Старичок крутит громадную, довоенного образца козью ножку. Неспешно раскуривает ее. И поясняет:
– А как же, милый. Так уж водится.
– Не вы придумали?
– Не я, – смеется старичок добродушно.
Ткачев интересуется:
– Верю, что так водится, но в чем смысл?
– Ну как же. Ты ведь в три комнаты хочешь, значит, вверх идешь. К пирогу. Так или не так?
– Ну допустим.
– А раз к пирогу идешь – тебя малость и постричь можно, хе-хе-хе…
И старичок (он и впрямь мил и добродушен) выпускает громадный клуб ржавого дыма, отчего старичка становится еле видно. А жена Ткачева подает ему чай с айвовым вареньем. Вкусный чай. Жене очень нравится, что старичок не сраженный горем, не несчастненький, а даже как бы веселый.
– Спасибо, милая.
– Ой, что вы!
– За чаек спасибо. Хороший чай. Как для родственника завариваешь.
Ткачев продолжает расспросы:
– Значит, если я правильно понял, ты хочешь, папаша, денег задаром. Тяжело жить?
– Деньги нужны.
– Зачем?
– И-и, милый.
В разговоре старичок поддерживает любую тему, кроме этой.
А днем позже приходит она – она в темном. Хотя скорее всего это темно-синий костюм Аэрофлота.
Когда-то он был темно-синим, это точно, но сейчас он глядится как темный. Во-первых, потому, что тут уже хорошенько потрудилось время. И еще потому, что Ткачевы подспудно как-никак ожидали, что к ним придут и будут ходить по комнатам в темном, – вот и пришли.
На голове голубенькая пилотка с «орлом», и, когда она ее снимает (а она сняла ее сразу), оказывается, что пришла привлекательная блондинка в темном, чуть склонная к полноте. У Ткачева внутри что-то екает. Срабатывает. И он видит, что она поняла и отметила это. К тому же у нее оказывается имя, с которым так просто не исчезают с твоего горизонта, если ты мужчина и если горизонт твой сугубо научно-технический. А у Ткачева именно такой горизонт.
– Ангелина, – говорит она, протягивая руку.
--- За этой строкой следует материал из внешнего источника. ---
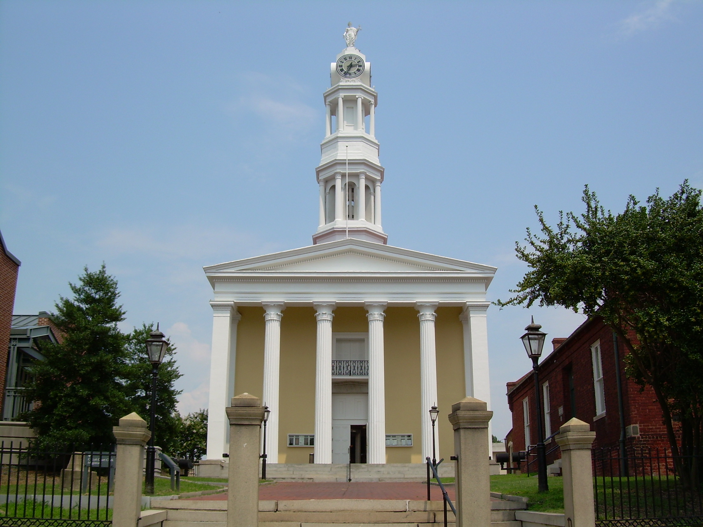 The Petersburg Courthouse, view from Sycamore Street in Petersburg Virginia. Author: Judd Carter
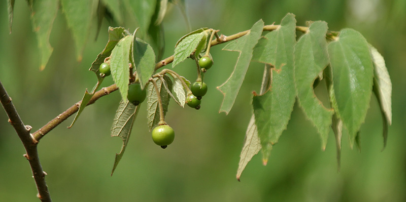 Singapur cherry Muntingia calabura in Hyderabad , India.

Это тоже фиксируется. Ее рука.
– Вы вчера нам звонили? – уточняет Ткачев.
– Да.
– В самом начале девятого?
– Да. Как раз в восемь.
– Стюардесса?
– Угадали, – и она улыбается.
А что ж тут было угадывать.
Но угадал, в сущности, не Ткачев. А его жена. Ткачев же слегка ошалел – он водит женщину из комнаты в комнату, и рот у него ни на секунду не закрывается:
– …Это коридор, а это наш балкон, чтобы вам дышать воздухом и чтобы вспоминать родной Ту-104, а это наша комната, а это стенка с отличной слышимостью – чтобы стучать соседям по вторым и семнадцатым числам, когда они выясняют отношения, а это… – и так далее.
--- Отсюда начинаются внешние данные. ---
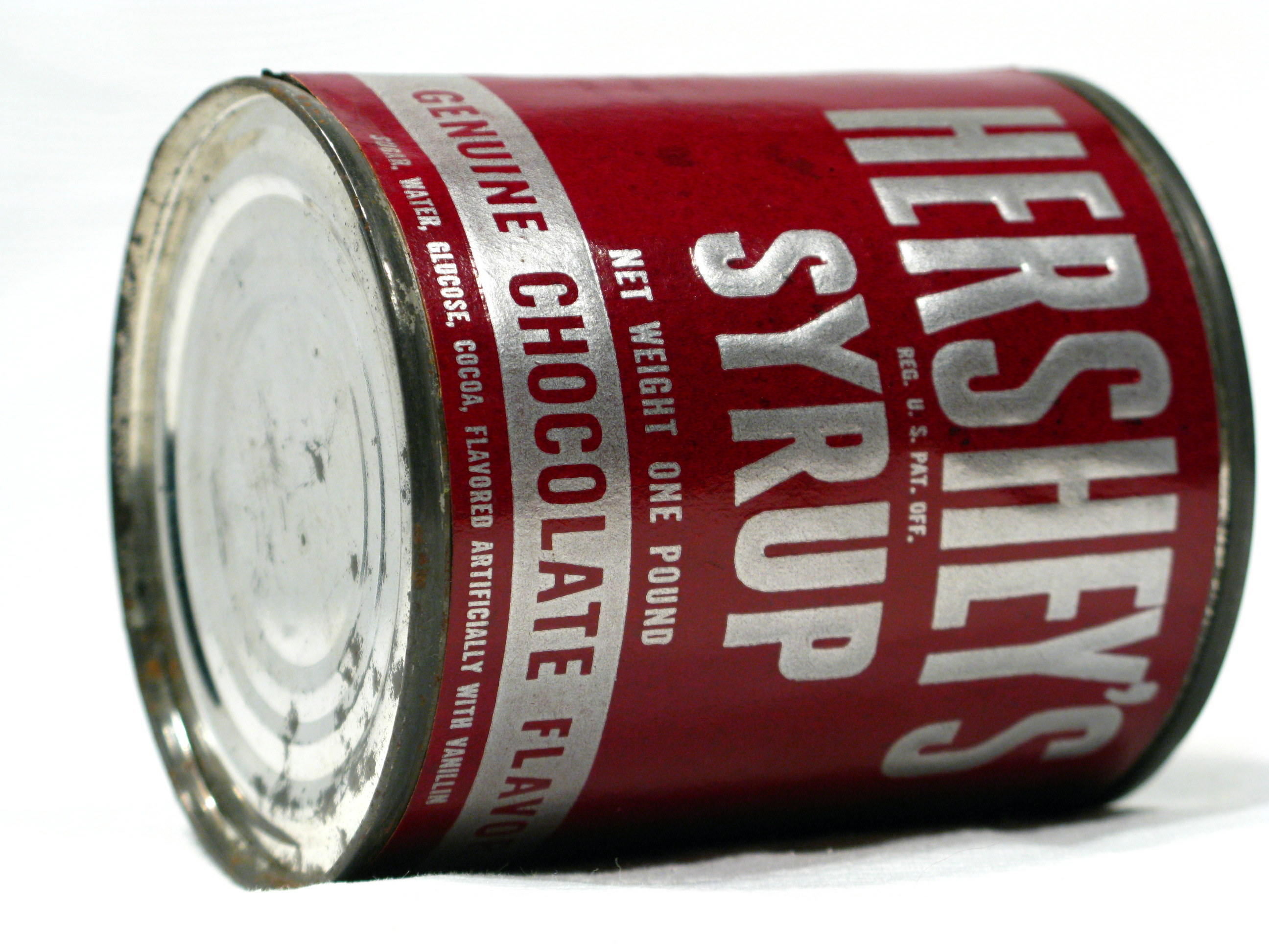 Hershey's Syrup 1950s. Height: 9,2 cm / Diameter: 8 cm. Tin stamping: 3T57, manufactured by Hershey Chocolate Corporation, Hershey, PA., USA. The can was part of US-Help for Europe (Marshall Plan / European Recovery Program), in this particular case for Vienna / Austria / EU after World War II and is not opend down to the present day. Inscription: HERSHEY’S / Reg. U. S. PAT. OFF. / SYRUP / Net weight one pound / Genuine Chocolate Flavor / Sugar, Water, Glucose, Cocoa, Flavored artificially with vanillin.

Ткачев вдруг перехватывает взгляд жены. Взгляд расшифровывается: прекращай треп, присмотрись к женщине, как же тебе не стыдно…
Если тебя одернули, не нужно много ума и много времени, чтобы сообразить, почему стюардесса ходит с темной косынкой на шее. Нужно только закрыть фонтан. И Ткачев его закрывает. Молчит.
Потом тихо спрашивает. Перестроившись:
– Муж был летчиком?
– Да.
– Разбился.
– Год назад.
Ее глаза часто моргают, стараясь сдержать слезу, и сдерживают.
Жена Ткачева уходит в другую комнату и там отчужденно, громко и шумно (нервничает) начинает шить. Дык-дык-дык-дык – стучит и дергается швейная машинка. И это как бы звуковой фон. Ткачев и женщина сидят и молчат, а машинка там делает то, что и должна делать. Возникает застывшая минута. Из тех, что запоминаются.
Затем минута теряет свой вес, сходит на нет, и тогда Ткачев спрашивает:
– Ну что, Геля… Будем меняться?
Именно так. Ткачев, весь такой чуткий, понимающий ее горе и одновременно знающий, что жизнь есть жизнь (увы!), говорит ей обязательные и простые эти слова. Без слов нельзя. Ткачев при этом улыбается – дескать, рад, что вы (ты?) оказались такой милой. И здесь же вскользь оттенок, что, как бы ни обернулось их знакомство, он, Ткачев, добр, чуток, гуманен и все такое. И вот все эти оттенки должны пройти в одном безнажимном вопросе. И они проходят:
– Ну что, Геля… Будем меняться?
* * *
Почему Ткачев нравится Геле, он не знает. И никто не знает. И все же он чувствует и слышит, и это вроде таинства, хотя таинства тут нет. Ты нравишься женщине, вот и все, и причины нет, и таинства тоже, пожалуй, нет, и если ты придумываешь причины и таинство, то это так, от лукавого. Или от неожиданности подарка.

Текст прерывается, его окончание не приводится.